NEWS FEATURE: Pope and Armenian Catholicos Hold Cordial Meeting

c. 2000 Religion News Service VATICAN CITY _ Pope John Paul II held a cordial meeting Thursday (Nov. 9) with the Armenian Catholicos Karekin II and pledged to “journey forward in friendship” toward healing a division that began with a theological dispute more than a millennium and a half ago. Karekin, who heads the Armenian […]

c. 2000 Religion News Service

VATICAN CITY _ Pope John Paul II held a cordial meeting Thursday (Nov. 9) with the Armenian Catholicos Karekin II and pledged to “journey forward in friendship” toward healing a division that began with a theological dispute more than a millennium and a half ago.

Karekin, who heads the Armenian Apostolic Church, invited the Roman Catholic pontiff to travel to his seat in Etchmiadzin in Armenia next year for celebrations of the 1,700th anniversary of the “baptism of Armenia” as history’s first Christian nation.

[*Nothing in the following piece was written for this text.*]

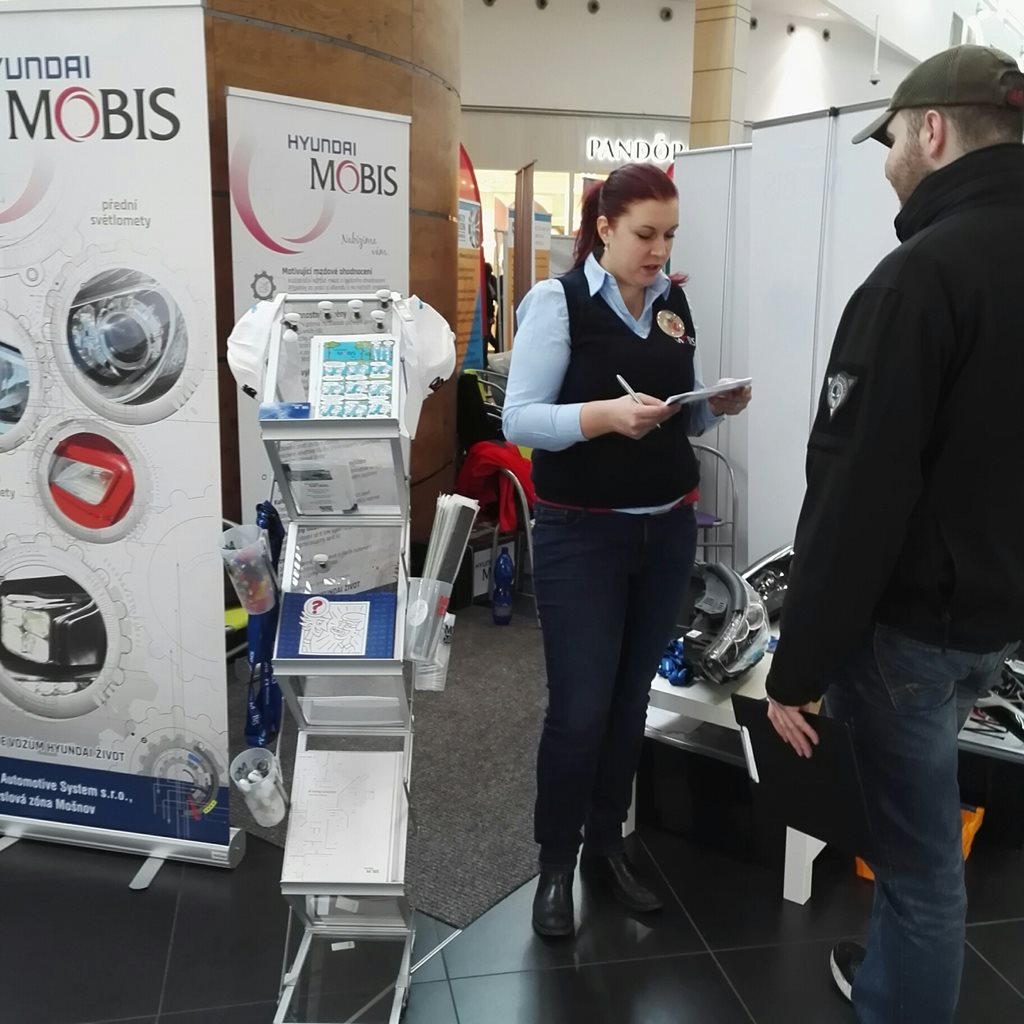 V našem stánku bylo možné zjistit aktuálně volné pracovní pozice, nabízené benefity, novinky o nově vznikající společnosti v Mošnově a případné další dotazy, které jsme zájemcům rádi zodpověděli.

During an ecumenical Mass in St. Peter’s Basilica on Friday (Nov. 10), John Paul will return to Karekin a venerated relic of the head of Gregory the Illuminator, the patron saint of Armenia. Along with the Apostles Bartholomew and Thaddeus, he evangelized Armenia, which made Christianity its state religion in the fourth century after Christ.

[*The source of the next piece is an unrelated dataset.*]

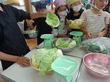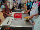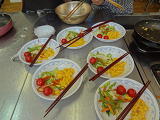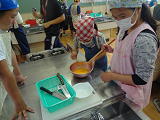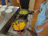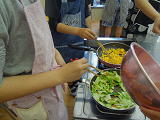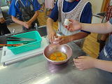 卵と野菜を使った調理実習・・・。楽しくて仕方ない様子!チームの中で役割をきめて・・・、おいしい料理の完成!次は、お弁当の一品になることでしょう。

Meeting in the pope’s study overlooking St. Peter’s Square, the two prelates addressed each other warmly. Karekin greeted the pope as “dearly beloved brother in Christ” and John Paul responded by calling his visitor “dear and venerable brother.”

“May the Lord save us from stumbling as we journey forward in friendship,” the pope said in his prepared remarks.

Speaking of the severe social and economic problems that the smallest of the ex-Soviet republics has faced since the collapse of communism, John Paul said that “on the cultural and religious level, there is still much to be done to fill the spiritual void left behind by a godless and collectivist ideology.”

“The hour of freedom has sounded, and now is the time for solidarity,” he said. “The Catholic Church wants to stand with the Apostolic Armenian Church, to support its spiritual and pastoral ministry to the Armenian people in complete respect for its way of life and characteristic identity.”

Karekin said he rejoiced that the call for “Christian brotherhood and unity” sounds from “the very center of the Roman Catholic Church, the Vatican, and from the very heart and soul of her most graceful pontiff.”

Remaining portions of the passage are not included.